Enormous problems if Singapore don’t procreate


So says former MM Lee Kuan Yew.

Just to get this out of the way, i’m not ranting (much), and let’s get the petty squabbles of the “if I earn as much as you, i’ll have 10 kids” argument. I’m simply stating my point of view, my predicament, and why married couples in their approaching-mid-30s stage are hesitant to have a child.

(Disclaimer: I am currently trying for a kid. So my lack of kid is not for a lack of trying.)

My wife and I are firmly entrenched in the sandwich class. Not too poor to live hand-to-mouth, but certainly not too rich to indulge in goat’s milk baths. We indulge in movies, have the occasional nice meal on anniversaries, and take the public transport. Your average worker bee.

We live in our own 5-room HDB (which we’ll be paying for till 2038), and while we would like to own a car so travelling is easier (especially when you have a kid and have tons of kid-things in tow), we also think its crazy to lay 90,000 good money for a piece of paper that says you may now proceed to buy a car.

While Singapore Inc strives to achieve greater and higher economic success year on year, so have our employers’ expectations of us. Outwardly, while they smile and say “hey, take all the maternity leave you want”, we all know they’re secretly interviewing 2 or 3 foreign imports (talent, I think, is too strong a word for them) who are willing to do more for less (because “currencies” and “its only for a couple of years”).

So, we need to be more efficient and productive at work whilst looking over our shoulders in fear of losing out to cheaper alternatives, generally work longer hours, and yet, when we get home, still need to get in the mood for baby-making? Truth be told, I get a shiver of dread, and I swear I can feel an incremental turn of the vice on my migraine each time my work-blackberry vibrates.

We’re already lamenting a lack of time spent as husband and wife. When a kid comes along, that’s just going to morph into fathering and mothering duty time.

Don’t get me wrong. I do want to have a kid (2 is simply too expensive), I’m just saying its too easy to see why people wouldn’t.
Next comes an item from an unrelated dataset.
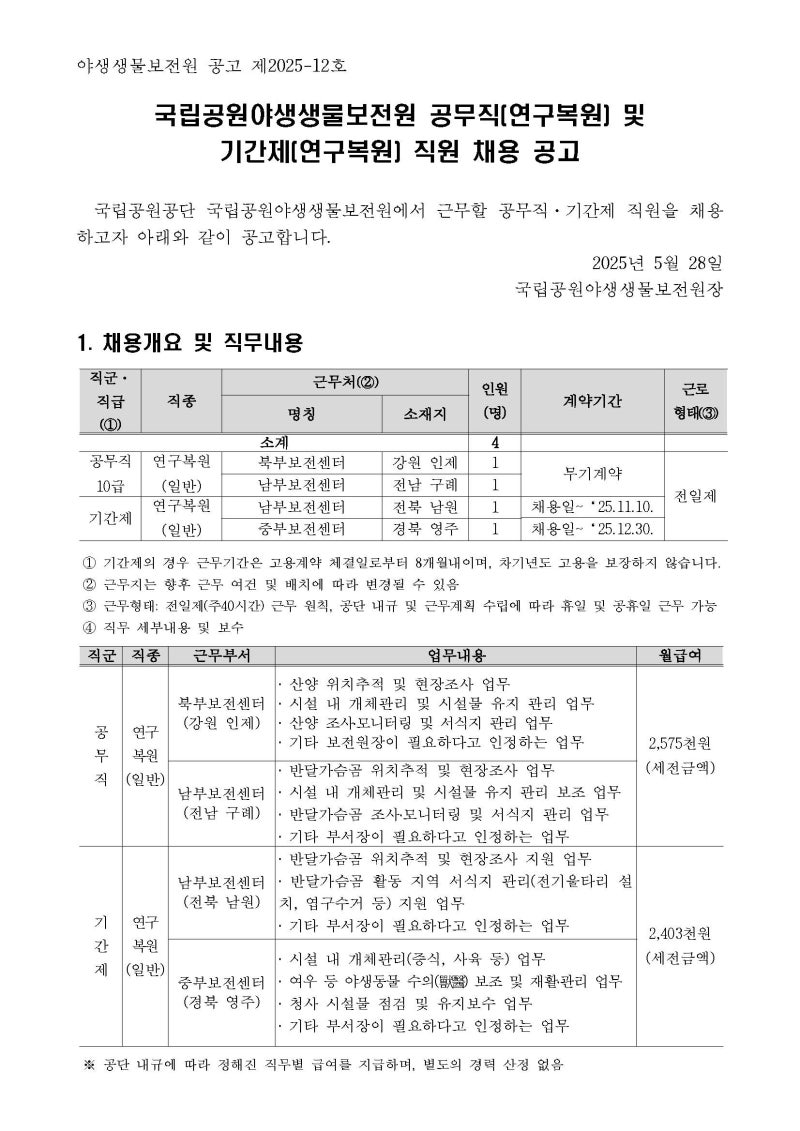 국립공원야생생물보전원 공무직 10급 주요 직무는요,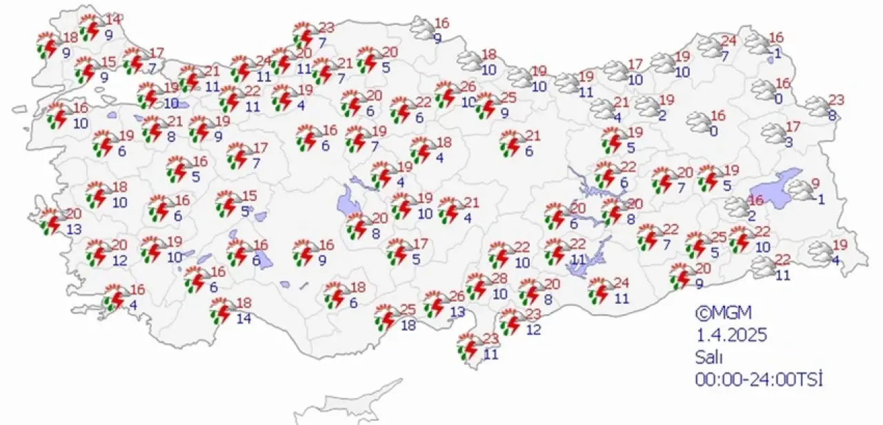 1 NİSAN SALI HAVA DURUMU

Elaine Ee makes some very good points in her article. She points out a few key aspects that needs to be changed. Better work-life balance, a more affordable everything, and a collective change in the government’s policy of running a nation like a corporation.

She says:

“What we need now is the political will to make some of these changes – at a deep, cultural level. Not a lecture on how people need to change their attitudes towards marriage and parenthood, and have babies to serve their nation—because no one on earth will have a baby for that reason.

So, he says we’ll have enormous problems if we don’t pro-create. I say we have some garnishing to prepare before we even try to fry that fish.